Nowadays, immigration in the developed countries has created social contexts where there is large diversity in ethnicity, birthplace, upbringing, education, language and religion. This situation poses demanding challenges in tackling the health care needs of increasingly multicultural populations by health systems (Torres-Cantero, et al, 2007) and achieving a mutual understanding between health professionals of the host country and immigrants (Daniels and Swartz, 2007 and McBride, 2005). Health services and professionals need to learn about the existing cultural and social variations, adapt accordingly and deliver high-quality services. Fuertes Goñi and colleagues (2010) suggested that immigration puts care services into a crisis which, on one hand, creates an overload to the system and the personnel, while on the other hand can lay the

foundations for improvement. However, many of the reviewed studies were driven mainly by exploring and solving practical problems without addressing the fundamental causes and associations of care issues in relation to policy, service operation and personal interaction.

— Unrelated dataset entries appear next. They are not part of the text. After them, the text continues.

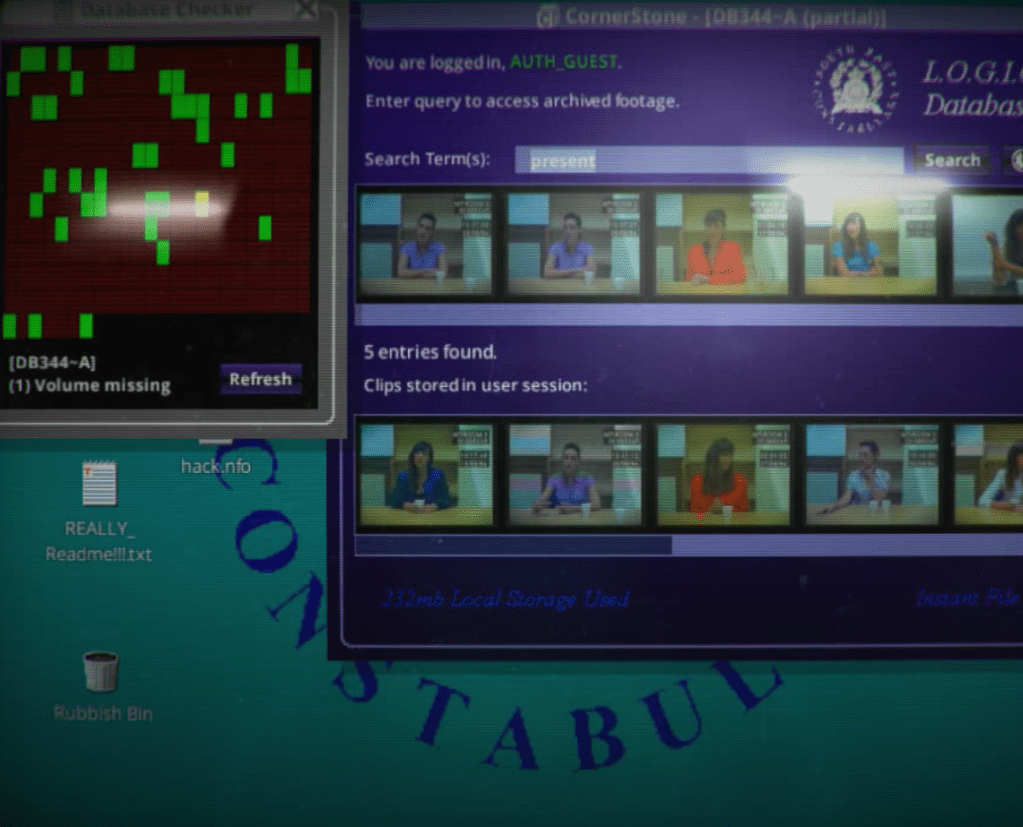 As a brief summary, Her Story is an interactive game where the player begins with gaining access to a police database of the investigation records of a woman, and the goal is to uncover the story, or the truth. As the player watches more videos, they learn more about the situation, can use keywords to explore more, and soon learn more about their role as the player, too.
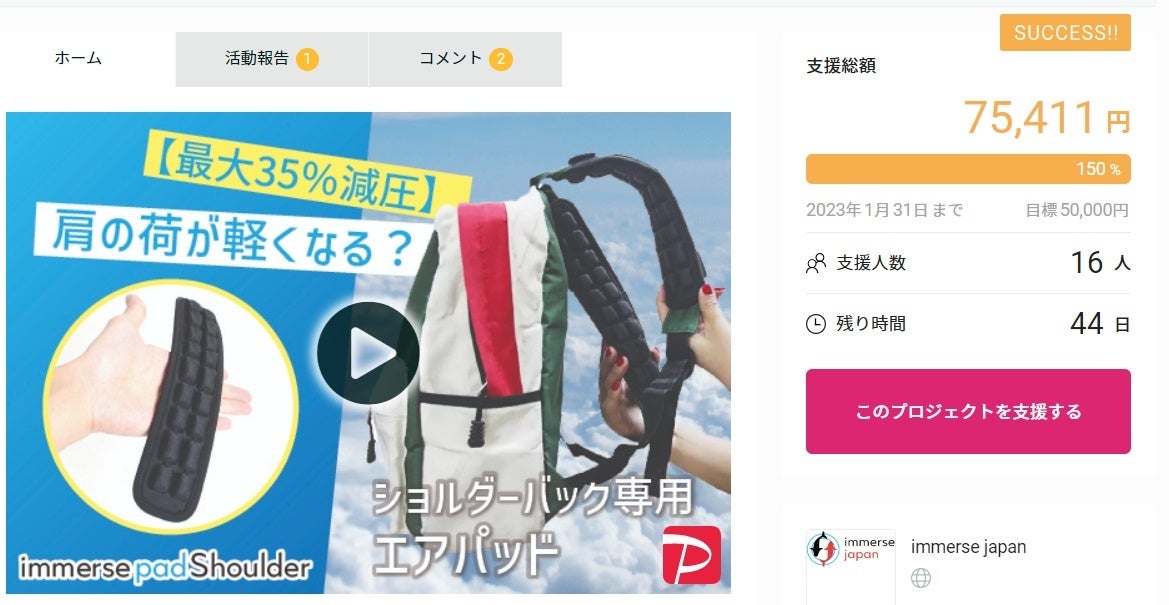 株式会社immerse japanは、クラウドファンディングプラットフォームGreenfunding(グリーンファンディング)で実施している新商品immersepad shoulder(イマースパッドショルダー)発売クラウドファンディングの支援金が目標を達成しことをお知らせします。
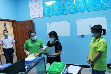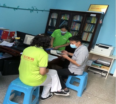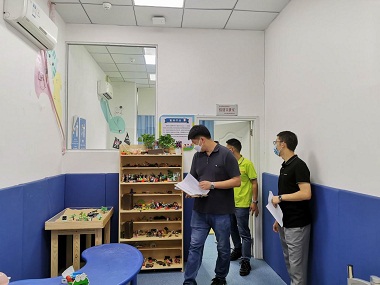 圖5:省殘聯(lián)第四康復(fù)專家評估組成員、香港復(fù)康會四川代表處主任桂源現(xiàn)場抽評機(jī)構(gòu)設(shè)施設(shè)備情況
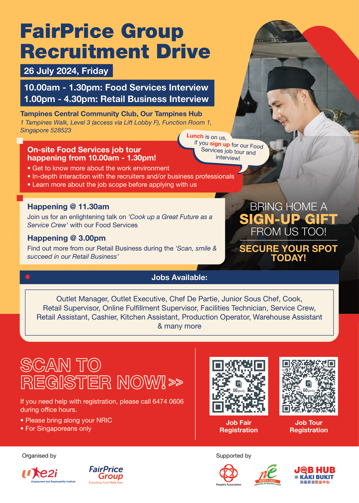 Join us in this upcoming recruitment event with NTUC FairPrice Group. Explore career opportunities with NTUC's Food Services and Retail Business now.
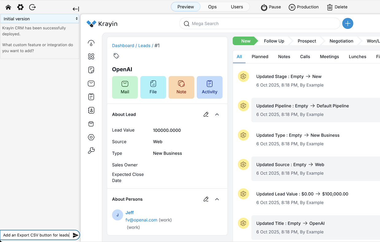 Users add features with plain-language prompts, no coding required. - 2. Zero-Code Exposure
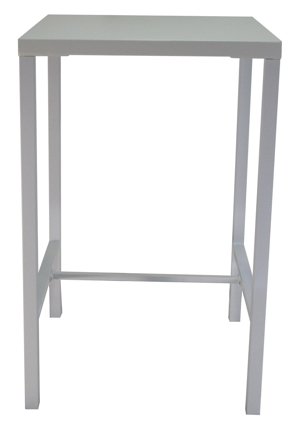 Table haute de jardin 70x70xH110 cm en métal utilitaire blanc
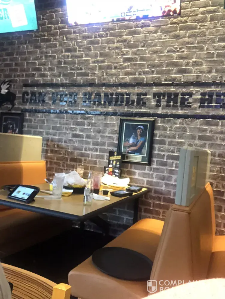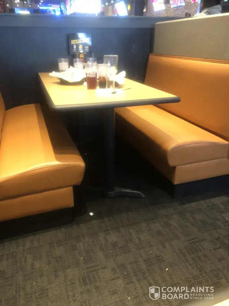 On this day of April 27, 2018 my wife and I went to this Buffalo Wild Wings. We first walked into this building and saw a group of workers standing in the front area talking and what not, a young lady asked us if we preferred a table, booth or open seating. To which I responded and said "i'd like a table" so then she walked off and we never saw her again. Then a man walked up to us and asked the same exact question, and I said the same exact thing " a table please" then we waited for a good 10 minutes before getting seated, now take note this isn't a very busy time we went. There was a few people here and there but no where near busy what so ever. The table we were seated at was gross there was food all over it and the seats were wet they made very little effort to clean it for us. Then all the tables surrounding us were still dirty and had stuff on them. Anyways so we get seated and wait to be served and our server takes our drink order and disappears for about 10 minutes. We ordered water, then she took our food order we ordered a medium size of honey bbq and a large basket of fries to share. The food came out pretty fast but when we got it, all of it was cold the chicken was still very much frozen inside and the fries we cold and seemed to be old ones from earlier on that day. I must say that the staff there is very unprofessional and needs help.
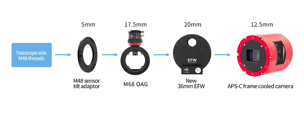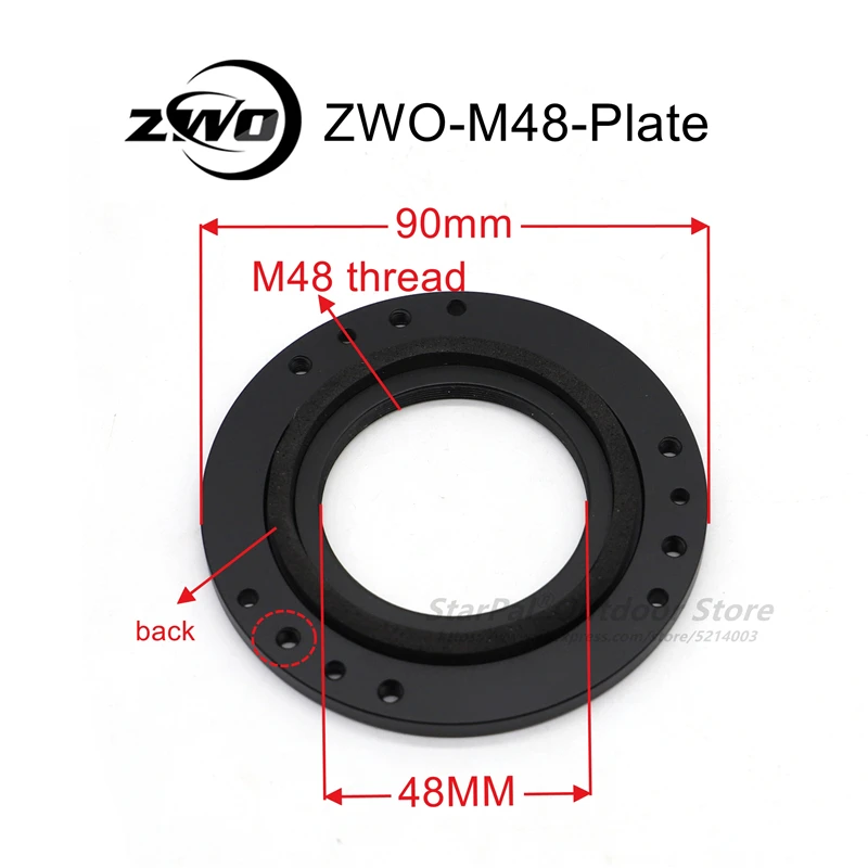 Наклонная пластина датчика M48 Самостоятельно разработана ZWO и специально сделана для соответствия телескопа с резьбой M48. Толщина 5 мм. Он имеет несколько винтовых отверстий на поверхности, так что вы можете легко подключить его к M68 OAG и APS-C и полнокадровой камере, такой как ASI2600/ASI6200/ASI2400.
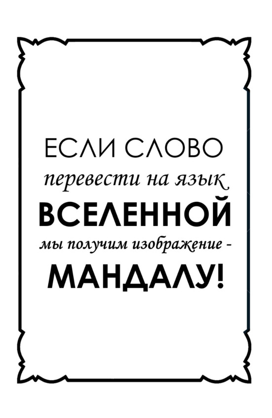 «Если молитву или мантру мы можем слышать только определенный промежуток времени. То если ее перевести на язык Вселенной, мы получим изображение – Мандалу, которая будет работать 24 часа в сутки, 7 дней в неделю, 12 месяцев в году.»

The present study aimed to reveal the complexity of issues in immigrants’ care from health professionals’ perspective deriving from interrelations within the fields of health policy, health systems operation and interpersonal contact.

The liberation of sufficient resources for the recruitment of personnel, the establishment of interpretation services and staff’s training was suggested by health professionals in many studies. However, the implementation of such measures is most likely to be influenced by political priorities in the modern context of financial crisis, especially in Greece which is managing a large public debt. In high-income countries, health systems and professionals could be better resourced to meet the complex needs of caring for immigrants. In contrast, the economic crisis has spread rapidly in Greece along with its effects on the state and people. The financial measures afflict the potential of the public health care system to maintain a satisfactory quality of care. Greek health professionals working in the public services are at the centre of a tug-of-war that comprises of the challenges to care for immigrant patients and the restrictions due to the economic crisis. This situation is likely to influence their views and experiences in caring for immigrants.

However, health care efficiency does not always depend on the availability of resources and may be partly achieved through appropriate policies and clinical protocols. For example, some of the most challenging aspects include the stimulation of health professionals’ interest in treating immigrants as well as the integration of different ethnic groups in the host society. In general, the views of health professionals may apply not only to immigrants, but also to wider groups of patients in difficult socio- economic situations. Greece has been facing an incessant influx of immigrants of multiple origins and identities and therefore the public health care system is exposed to newcomers with a variety of needs. Therefore, it is a context for topical research that could be useful for designing health policies and elaborate research in countries that have or will enter similar circumstances.

In order to underpin the research goal and questions and produce new evidence, the next chapter describes in detail theories that seek to illuminate factors and processes in relation to the provision of care to immigrants from the health professionals’ point of view. These theories were used for various reasons. Firstly, they served as a framework

for the formation and support of the research inquiries. Secondly, they constituted an organisational scheme for the presentation and interpretation of data. Thirdly, they were used as a starting point for the production of new knowledge from the research evidence. Lastly, they were destined to be a sensitising concept to inform the reader about the important aspects of the research.